Was he speaking in sympathy with the dead Boers? He was not. He was pushing the case for Morant’s posthumous pardon, and for his name to be added to the Boer War Memorial in Adelaide, just as he was a prime agitator behind the Australian Parliament in 2009 voting in favour of petitions being presented to Queen Elizabeth II to review and posthumously overturn Morant’s convictions. Three years later, on the 110th anniversary of the execution of Morant and co-accused Peter Handcock, the Liberal member for Mitchell, Alex Hawke, rose in the House to make a claim for Morant and company’s pardon.

“It is timely for the Australian government to do everything it can to assist the modern-day descendants of these men to access a judicial review of this case. It is the case that the executions were conducted with extreme haste and without appeal.”

(A point of order, Mr Speaker, if I may. An appeal is something they had in civilian courts, but did not exist with courts-martial.)

”I think it is important,” Alex Hawke continued, “that we seek British government’s assistance in releasing all of the available records in relation to this case so that the modern -day descendants can know what happened and rightly, if necessary, receive a judicial review and pardon. It is an episode that appeals greatly to every Australian because of the doctrine of fairness which says that no-one should be treated differently because of their birth, rank or status. We do know that these men were treated differently because of their birth, rank and status. We certainly need legends in Australian history.”

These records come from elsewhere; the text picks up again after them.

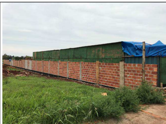
Figura 55C: Muro de fechamento - vigas baldrames, pilaretes e alvenaria.
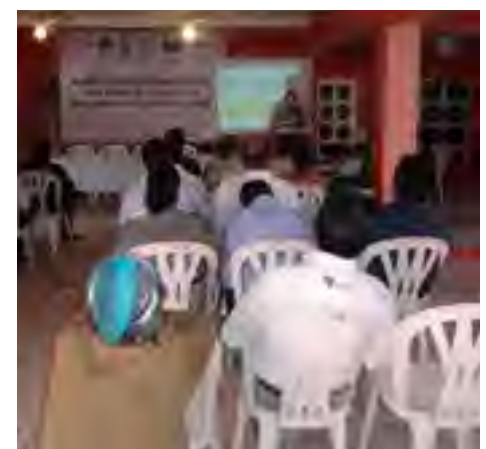
Reunión para el “Análisis de Consistencia y Validación Técnica” para la formulación de los planes de desarrollo municipal en Papantla, Ver.

El Delegado étnico en Papantla de la CEDHV participó en las acciones del “Análisis de Consistencia y Validación Técnica” que la coordinación regional de la Comisión Nacional para el Desarrollo de los Pueblos Indígenas realizó en la ciudad de Papantla el 18 de marzo, para la formulación de los planes de desarrollo municipal de los municipios Filomeno Mata, Mecatlán y Papantla.
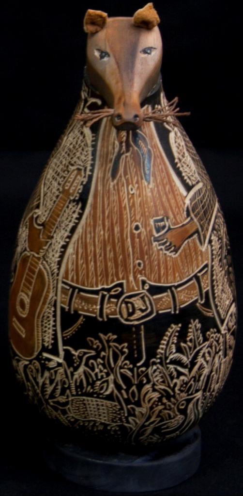
Set de piezas ornamentales en calabaza de Pedro Garcia
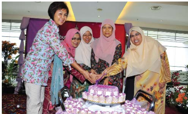
MUFAKAT... isteri Menteri Besar, mengetuai acara memotong kek Sambutan Ke-100 Tahun Hari Wanita Antarabangsa
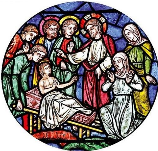
(cattedrale di Le Mans)

La “buona notizia” raggiunga anche noi oggi. Ciò che conta è saper vedere, saper accogliere, saper affidarsi ; in altri termini, è necessaria la fede.
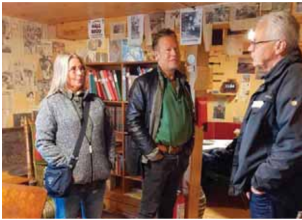
Museum Munsö hembygdsgård Bertil Ifwers museum hade sitt årliga öppna hus i början av sommaren. Både gamla och nya besökare uppskattade tidsresan bland alla rum och föremål. Det bjöds på hembakat och musikunderhållning.
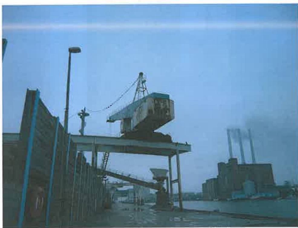
Billede 3 viser Kalkbrænderiløbskajen med kran og kranspor indtil bulkanlægget.
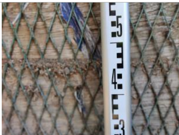
Trace sur le portail
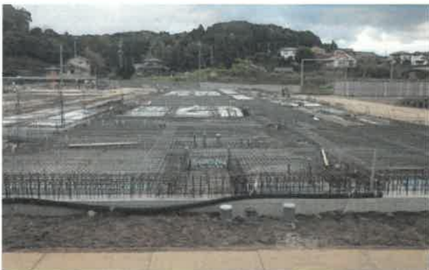
東方向より撮影 (校舎 A 棟)
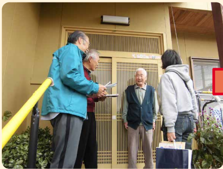
▲困りごとやお手伝いについての聞き取り
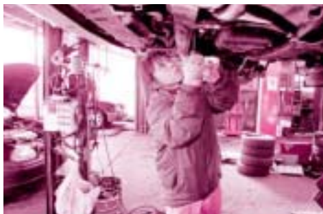
自分らしく生きられる社会を
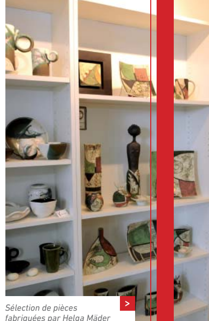
Sélection de pièces fabriquées par Helga Mäder

« Eh oui, j'aime bien finalement ma petite vie à la campagne ! ».
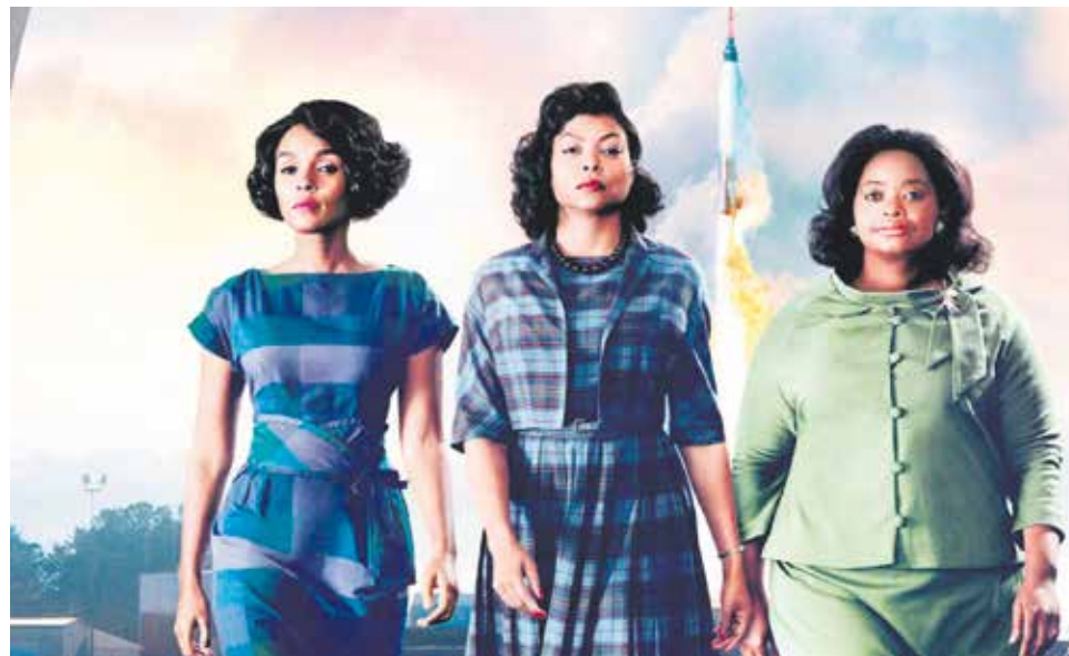
La primera película será 'Figuras ocultas'.

Antes y después de la proyección, el presentador de cada película ofrecerá
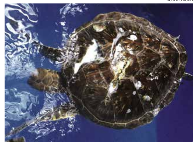
Especie de Chelonia mydas apresenta fratura no casco

tá distribuída por todos os oceanos, com duas populações distintas no Atlântico e Pacífico. O nome deve-se à coloração esverdeada de sua gordura corporal. Por se tratar de uma espécie clas-

We do. And we have plenty of bona fide ones, without the need to gloss over the record of a war criminal. But still it goes on!

In February 2018, the Australian Parliament passed a motion expressing “Sincere regret that Lieutenants Morant, [et al] were denied procedural fairness contrary to law and acknowledges that this had cruel and unjust consequences; and . . . sympathy to the descendants of these men as they were not tried and sentenced in accordance with the law of 1902.”
Any mention of sympathy and sincere regrets for the defenceless Boers, including children, that Morant had gunned down? None at all. Justice for them? No mention. Just an obsessive focus on aspects of the court-martial where t’s weren’t crossed and i’s weren’t dotted. And equal insistence, despite a lack of any evidence at all, that Morant did what he did under British orders.

Bottom line?

Some historical legends, like that of Morant, are so seductive they live on because people want to believe them. And it’s so powerful you even have serious people pushing the tragic absurdity of an Australian Parliament petitioning the Queen and the British Parliament to posthumously pardon an Englishman fighting for a British unit who committed the worst war atrocities of the Boer War!

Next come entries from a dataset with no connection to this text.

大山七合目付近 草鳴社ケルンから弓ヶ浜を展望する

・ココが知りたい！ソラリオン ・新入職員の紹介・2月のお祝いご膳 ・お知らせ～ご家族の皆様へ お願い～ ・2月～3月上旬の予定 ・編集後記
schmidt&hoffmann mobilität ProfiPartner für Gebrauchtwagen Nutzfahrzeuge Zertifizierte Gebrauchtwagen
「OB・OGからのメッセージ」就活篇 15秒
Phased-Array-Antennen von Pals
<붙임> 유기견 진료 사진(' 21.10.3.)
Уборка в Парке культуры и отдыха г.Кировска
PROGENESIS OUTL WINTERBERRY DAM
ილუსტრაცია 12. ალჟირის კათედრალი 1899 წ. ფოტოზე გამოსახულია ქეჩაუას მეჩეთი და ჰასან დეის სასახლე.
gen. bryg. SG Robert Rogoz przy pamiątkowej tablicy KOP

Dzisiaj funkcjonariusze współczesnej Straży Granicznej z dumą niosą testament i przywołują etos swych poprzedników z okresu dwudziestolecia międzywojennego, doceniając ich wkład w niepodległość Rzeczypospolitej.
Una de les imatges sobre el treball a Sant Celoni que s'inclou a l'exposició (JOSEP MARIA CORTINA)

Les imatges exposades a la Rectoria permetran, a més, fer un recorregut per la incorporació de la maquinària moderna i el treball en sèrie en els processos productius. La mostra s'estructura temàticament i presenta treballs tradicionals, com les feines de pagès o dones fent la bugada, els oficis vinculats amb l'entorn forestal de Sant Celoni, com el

But how much more inspirational is the truth? Morant was not the Man From Snowy River put up against the wall by those Pommy bastards. He was a vicious Pommy bastard put up against the wall by the men from Snowy River and others who risked their lives to bring him to justice to stop the atrocities.

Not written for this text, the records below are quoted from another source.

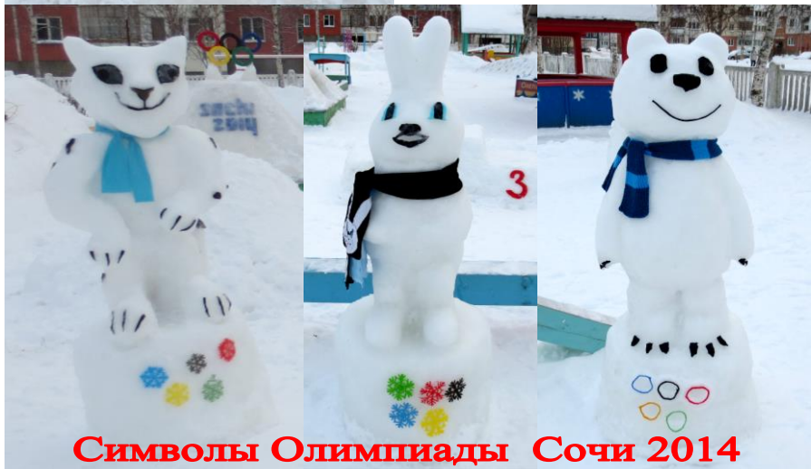
Символы Олимпиады Сочи 2014

И вновь снежные фигуры, сделанные усилиями педагогов и родителей воспитанников, порадовали ребят. В этом году на спортивной площадке детского сада появилась «олимпийская деревня», которая привлекла внимание местного телевидения. Репортаж был показан 05.01.2013 по каналу ТВС.
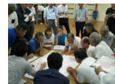
【地域ぐるみでの話し合い】

Step 1 地域ぐるみの話し合いにより、営農を続けて守るべき農地、粗放的な利用を行う農地等を区分し、実証的な取組を実施
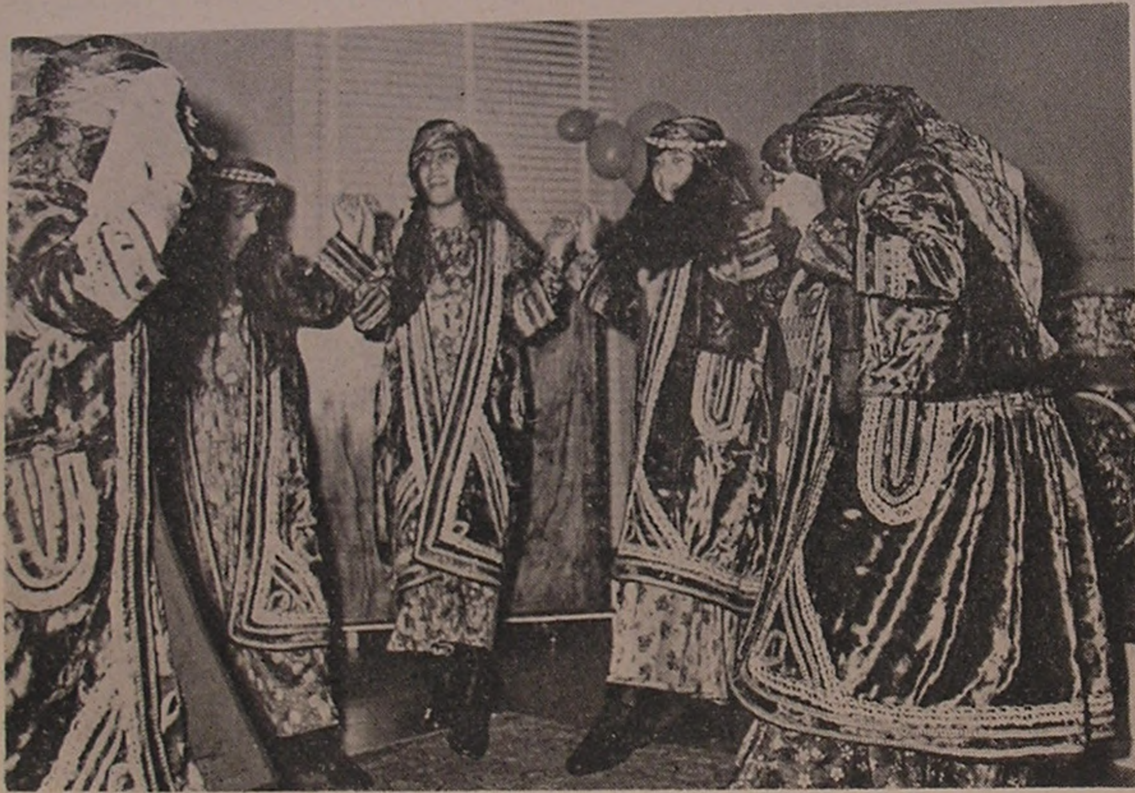
خرم آباد لرستان . . . اجرای برنامه هنری وسیله دوشیزگان عضو سازمان جوانان
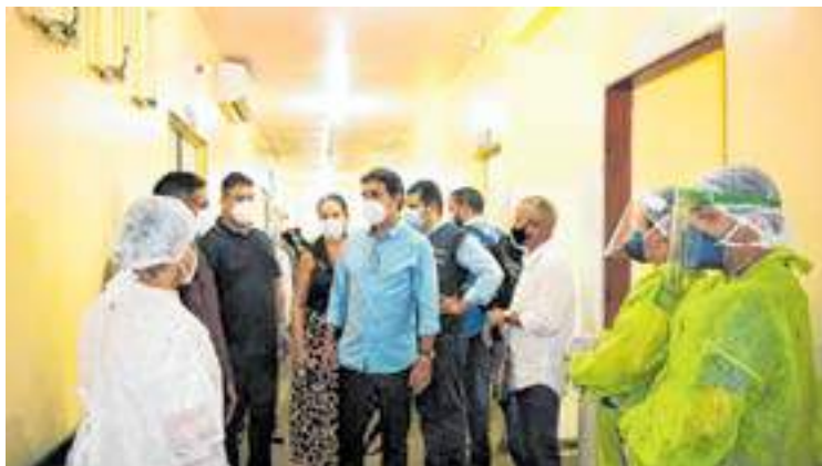
Itacoatiara passou por um período de dificuldades por conta da pandemia

A pandemia da Covid-19 que assolou o planeta e ceifou muitas vidas, ainda preocupa autoridades mundiais. No caso de Itacoatiara, a pandemia apresentou o seu primeiro pico em maio de 2020, quando 49,2% dos leitos do Hospital Regional José Mendes foram ocupados, e finalizou o ano com o saldo de 64 mortes pela Covid-19, sendo 11 mortes em abril, 42 em maio e 15 em no mês de junho.
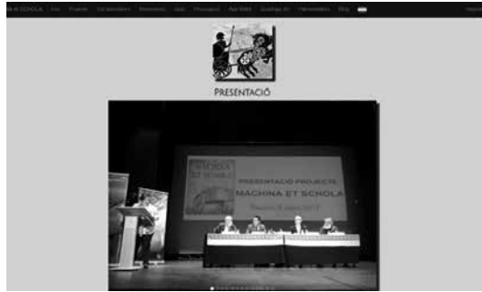
Web Machina et Schola. http://www.machinaetschola.com/ Montada por el alumnado del IES Camp de Morvedre
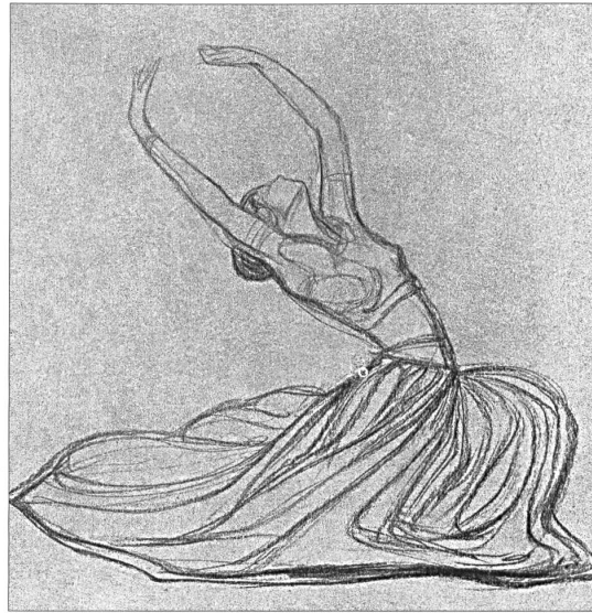
Abb. 16: Ludwig von Hofmann, Ruth St. Denis, 1906 (aus: Kunst und Künstler 5, Januar 1907, H. 5, S. 161).
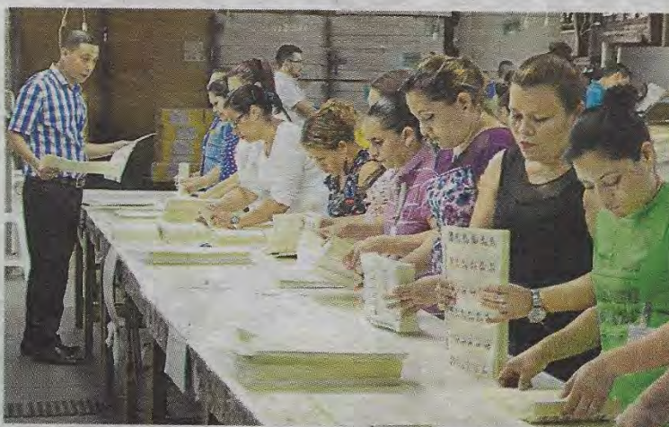
Magistrados del TSE verifican proceso de impresión de papeletas

En Usulután, el TSE detectó que el candidato del PDC,
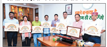
मुख्यमंत्री विष्णु देव साय ने किया उत्सव पोस्टर का विमोचन, सफल आयोजन की दी शुभकामनाएं
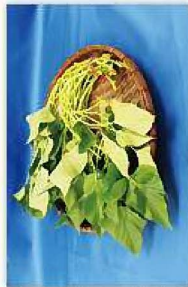
サツマイモ(紅イモなど)の生莖葉
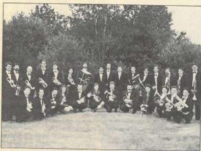
Le Brass Band Val de Loire. 5 décembre à Gray.

Dans ce programme, on notera également le concert de l'orchestre de jazz de la Haute-Saône, organisé le 6 décembre par la commune de Haute-

There are heroes in this story. They are those troopers who risked their lives to turn Morant in. Imagine their thoughts at his name being next to theirs on the Adelaide Boer War Memorial.

There are victims. They are unarmed Boers ruthlessly gunned down on Morant’s orders.

How monstrously unjust to both heroes and victims to simply go with the legend, unexamined, uncontested.

Of course history must be always examined, contested, reviewed, told from diverse sides. Anything less is indoctrination.